[RECORDED INFORMATION Boundary: Start]

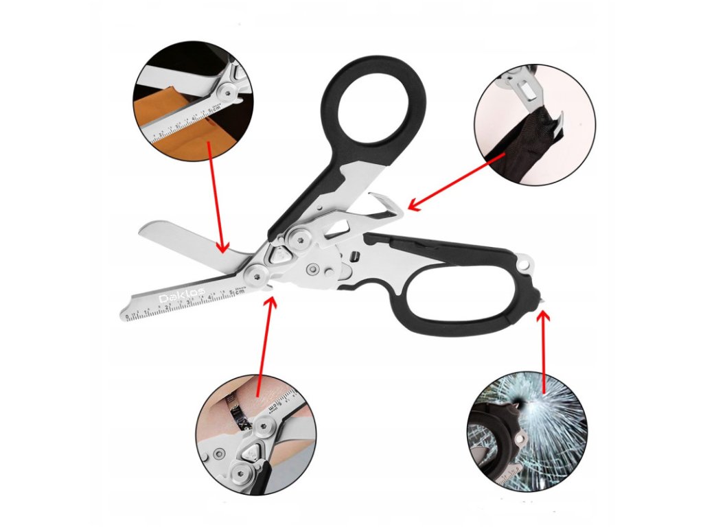 Daklos Multifunkční skládací záchranářské nůžky 6v1 – spolehlivý pomocník pro přežití i každodenní použití
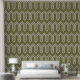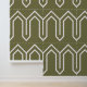 Art Deco Pattern 05 - White on Camouflage Green Wallpaper
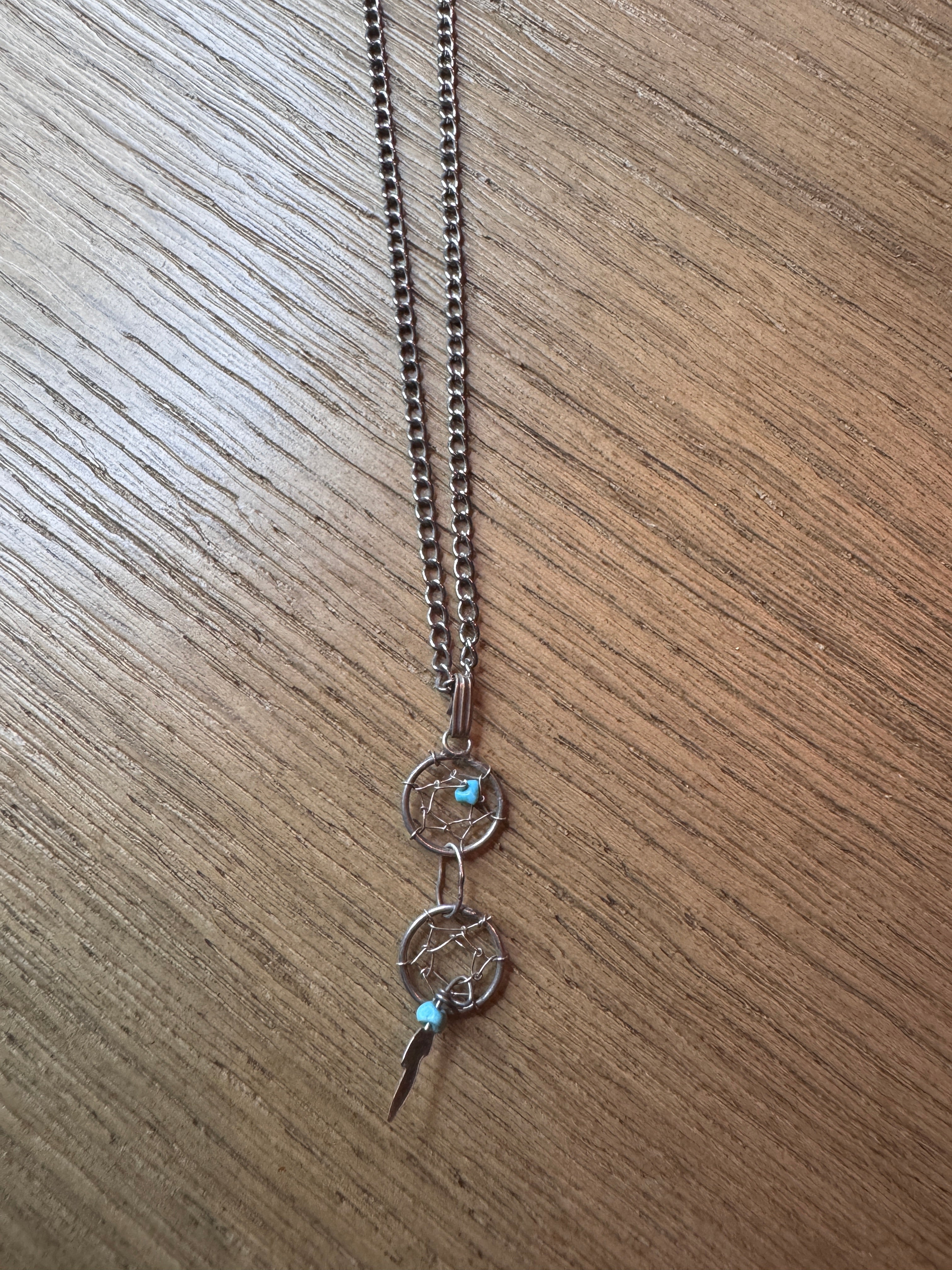 Expertly crafted with sterling silver and turquoise, this vintage-inspired Twin Silver Dreamcatcher is the perfect addition to any room. It not only adds a touch of elegance to your decor, but also offers the potential benefits of promoting positive dreams and warding off negative energy.
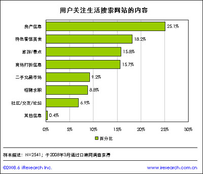 调查数据显示,用户感兴趣的生活服务信息集中在四大类,其中美食占18.20%,旅游占15.83%,商家打折15.66%,房产25.09%,在房产信息中,出售房屋信息关注度最高,占到总整的6.4%,相对而言,其它类似家政、交友、招聘信息关注的程度较小。

[RECORDED INFORMATION Boundary: End]

- _INSTRUCTIONS FOR THE TASK_:
Write out each line of the listing above, exactly, from its first line to the line holding "Expertly crafted with", inclusive. Skip the pictures.

- _YOUR SOLUTION_:
 Daklos Multifunkční skládací záchranářské nůžky 6v1 – spolehlivý pomocník pro přežití i každodenní použití
 Art Deco Pattern 05 - White on Camouflage Green Wallpaper
 Expertly crafted with sterling silver and turquoise, this vintage-inspired Twin Silver Dreamcatcher is the perfect addition to any room. It not only adds a touch of elegance to your decor, but also offers the potential benefits of promoting positive dreams and warding off negative energy.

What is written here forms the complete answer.